PCA Distance

See the tutorial for a description of Principal Component Analysis (PCA).

We define the PCA distance as the L2 distance between the normalized eigenvalues of two spectral-line data cubes:

\[d_{\mathrm{PCA}} = \left|\left|\lambda_{1}' - \lambda_{2}'\right|\right|\]

The normalized eigenvalues are \(\lambda_{i} / \sum_i \lambda_{i}\).

More information on the distance metric definitions can be found in Koch et al. 2017.

Using

The data in this tutorial are available here.

We need to import the PCA_Distance class, along with a few other common packages:

>>> from turbustat.statistics import PCA_Distance
>>> from astropy.io import fits
>>> import matplotlib.pyplot as plt

PCA_Distance takes two data cubes as input:

>>> cube = fits.open("Design4_flatrho_0021_00_radmc.fits")[0]  # doctest: +SKIP
>>> cube_fid = fits.open("Fiducial0_flatrho_0021_00_radmc.fits")[0]  # doctest: +SKIP
>>> pca = PCA_Distance(cube_fid, cube, n_eigs=50, mean_sub=True)  # doctest: +SKIP

There are two additional keywords that set the number of eigenvalues to include in the distance calculation (n_eigs), and whether to subtract the mean from each spectral channel (mean_sub).

To calculate the distance between the eigenvalues:

>>> pca.distance_metric(verbose=True)  # doctest: +SKIP
Proportions of total variance: 1 - 1.000, 2 - 1.000
../../_images/pca_distmet.png

This prints out what fraction of the total variance is included in the eigenvalue vectors for each data cube.

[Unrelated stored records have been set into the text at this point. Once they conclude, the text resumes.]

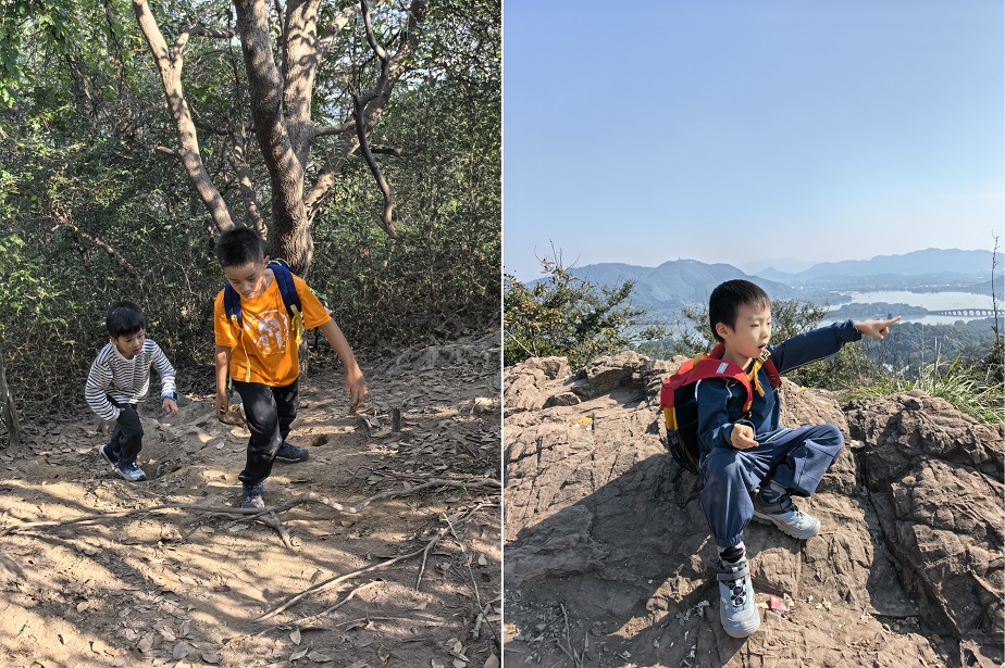 整条路线有攀岩、土路、丛林、山脊行走,野爬趣味十足,而且一步一景,山顶多处270度环湖全景,视野开阔,娃也爬得非常起劲!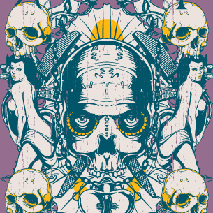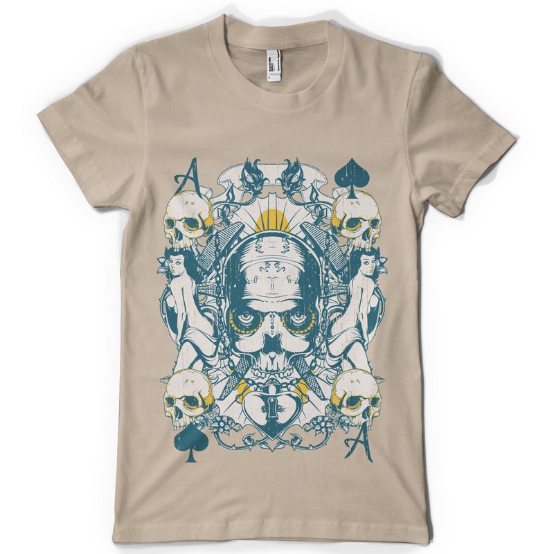 Aces graphic design template in vector format, featuring detailed mysterious skull now available for Adobe Illustrator, Adobe Photoshop and Corel Draw and can be used for digital printing and screenprinting .
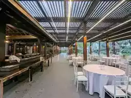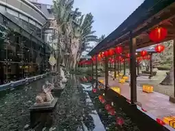 The Queena Plaza Hotel occupies a large area, with a significant portion dedicated to garden landscaping. The tropical island resort-style garden, complete with small bridges and pavilions, exudes a strong Southeast Asian vibe, making it a popular spot for wedding photoshoots and boosting the hotel's wedding banquet business.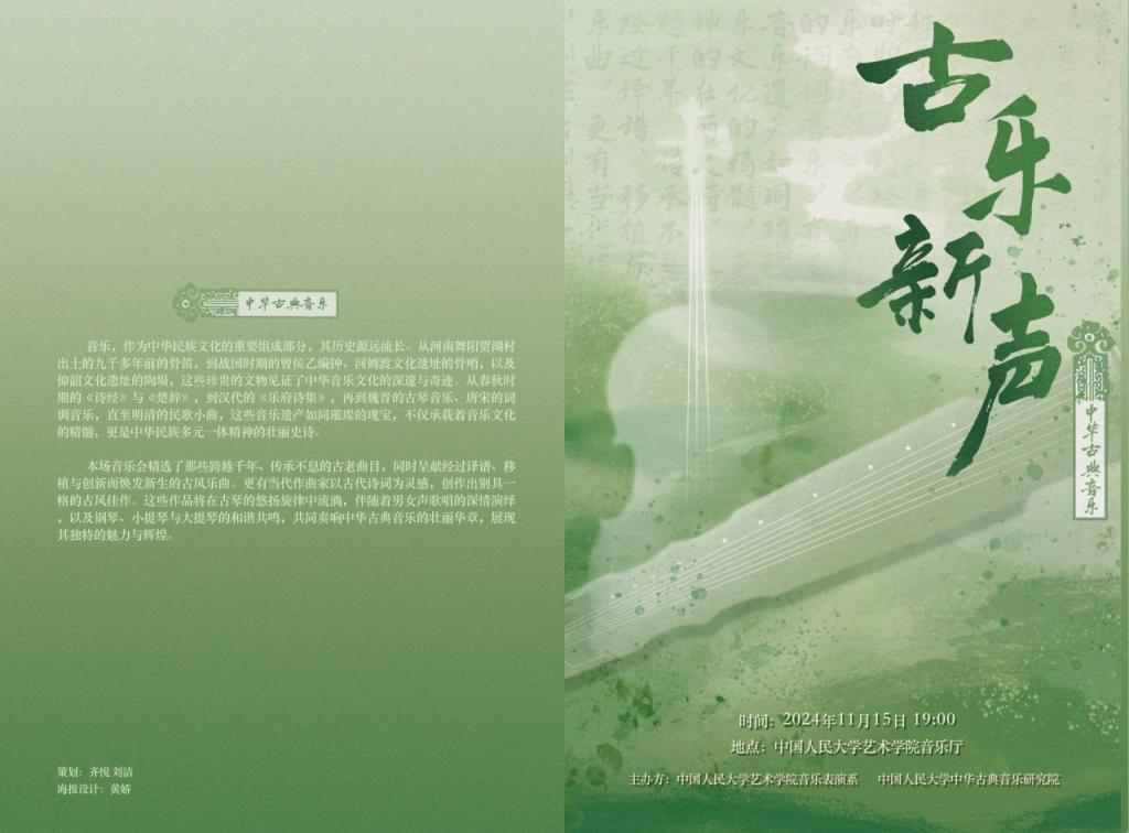 11月15日晚,“古乐新声”中华古典音乐会在yl23455永利集团音乐厅圆满举行。本场音乐会由yl23455永利集团音乐表演系与中华古典音乐研究院联合呈现,共演奏了8个作品,展现了中华五千年文明中的经典音乐文化遗产,以全新的视角和形式诠释了古典音乐在新时代的独特魅力。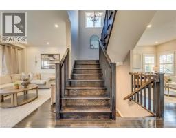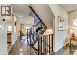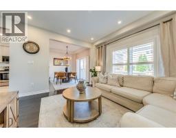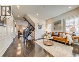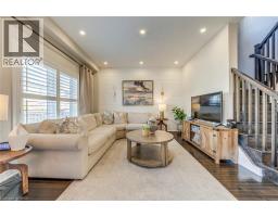 Welcome to this beautifully upgraded semi-detached home in Burlington's highly sought-after Alton Village-offering a perfect blend of modern style, functional layout, and move-in-ready comfort.Step inside to a bright and inviting main floor featuring 9-ft ceilings, rich hardwood flooring, and bright pot lighting. The open-concept living and dining area flows seamlessly into a spacious family room, creating an ideal setting for both everyday living and entertaining. The renovated kitchen (2020) is a standout, showcasing white cabinetry, granite countertops, modern backsplash, and expanded prep space, with a cozy breakfast area overlooking the backyard. Upstairs, you will find three generously sized bedrooms, including a spacious primary retreat complete with a walk-in closet with custom built-in cabinetry and private ensuite. Two additional bedrooms share a well-appointed main bath, while the convenient second-floor laundry room adds everyday practicality.The fully finished basement (freshly painted in 2026) offers excellent additional living space, including a large rec room, dedicated office (or potential 4th bedroom), and ample storage-perfect for growing families or those working from home.Exterior features include interlock landscaping in the front and backyard, a large low-maintenance yard, and a freshly stained deck (2025), ideal for outdoor entertaining.Additional upgrades include: solid oak staircase, upgraded bathroom vanities with granite counters, pot lights (2019), main floor repaint (2024), smart Ecobee thermostat, and updated fixtures throughout.Located close to top-rated schools, parks, shopping, and all amenities, this home offers exceptional value in one of Burlington's most desirable family-friendly communities. (id:48169)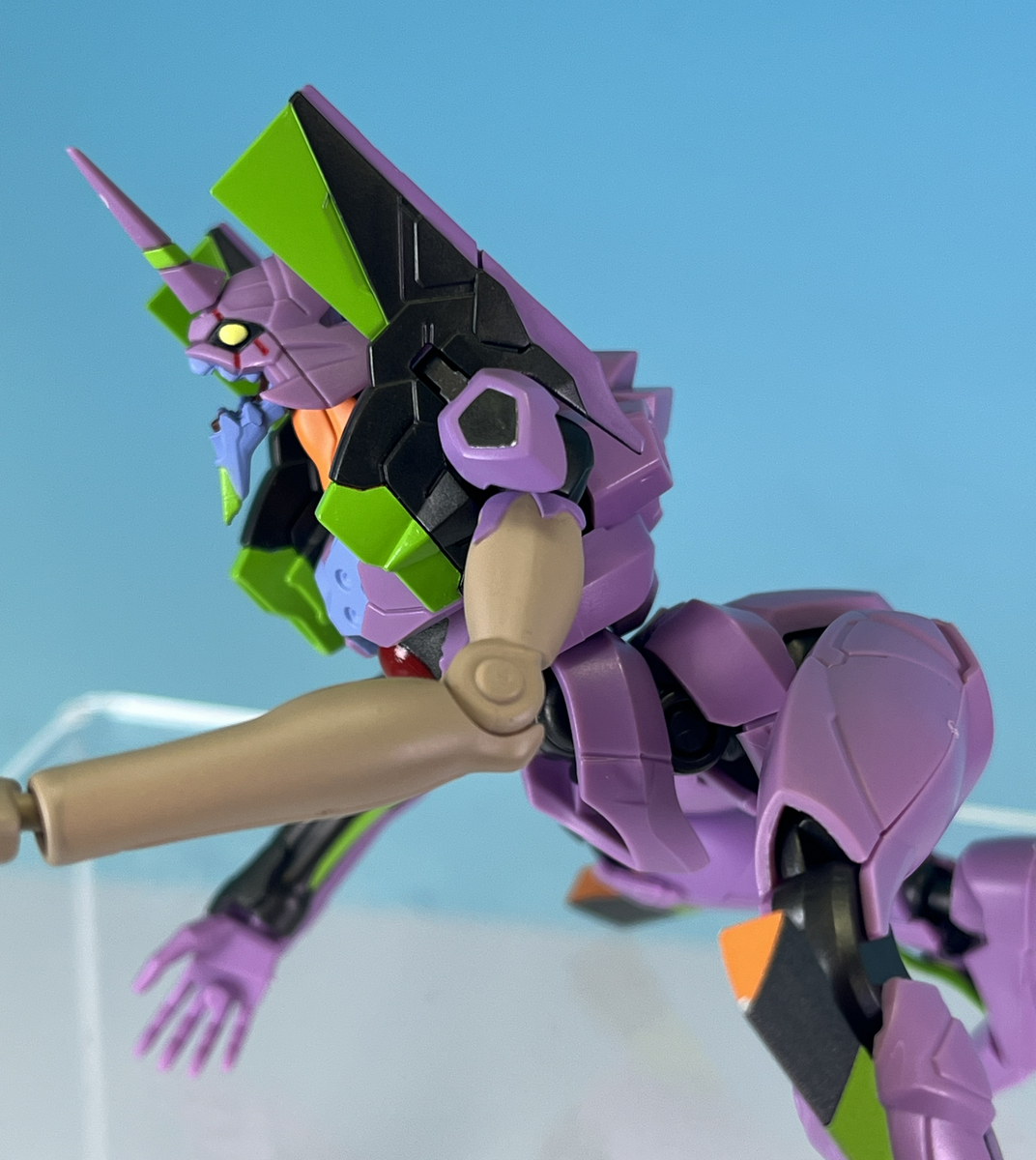今回の初号機はアニメ設定に合わせた紫色の体色と鮮やかな黄緑色のラインを艶ありで仕上げています。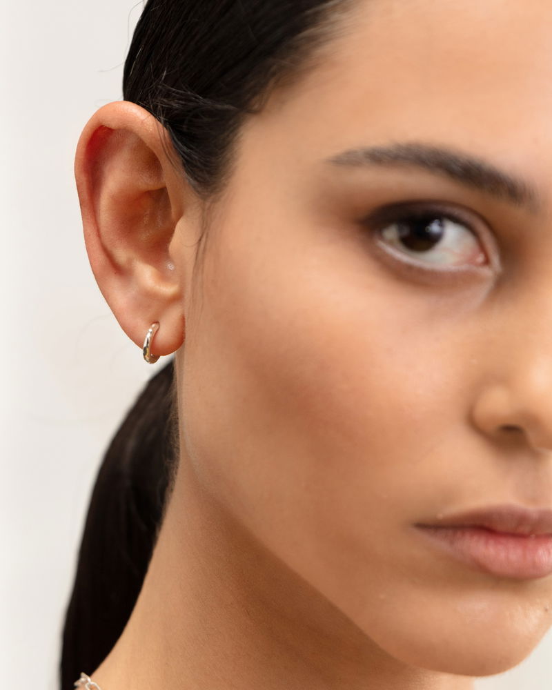 A sleek, subtly textured sterling silver huggie, designed to gently hug your lobe. Style up our Ziggy Huggie with climbers, cuffs and studs.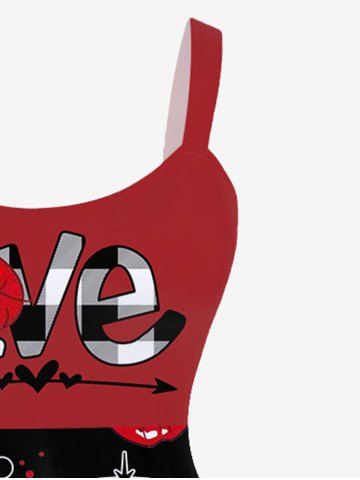 Plus Size Heart Lip Plaid Letters Diamond Print Valentines A Line Tank Dress - Black - 2x
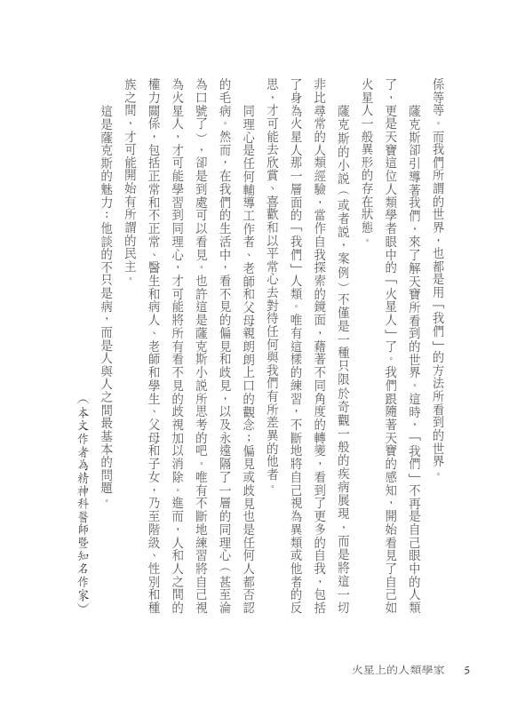作為一名在心智邊緣地帶永不停止探索的旅人,薩克斯以精鍊而不濫情的散文,呈現七位病患的故事。內容豐富、生動且引人入勝,足以媲美任何一部短篇小說集。——《週日獨立報》

The image shows the covariance matrix for each data cube in the first row and a bar chart of the eigenvalues in the second row.

And the distance is:

>>> pca.distance  # doctest: +SKIP
0.07211706060387167

Note that a comparison of the size-line width from PCA as a distance metric is not yet implemented.

A pre-computed PCA class can also be passed instead of a dataset. See the distance metric introduction.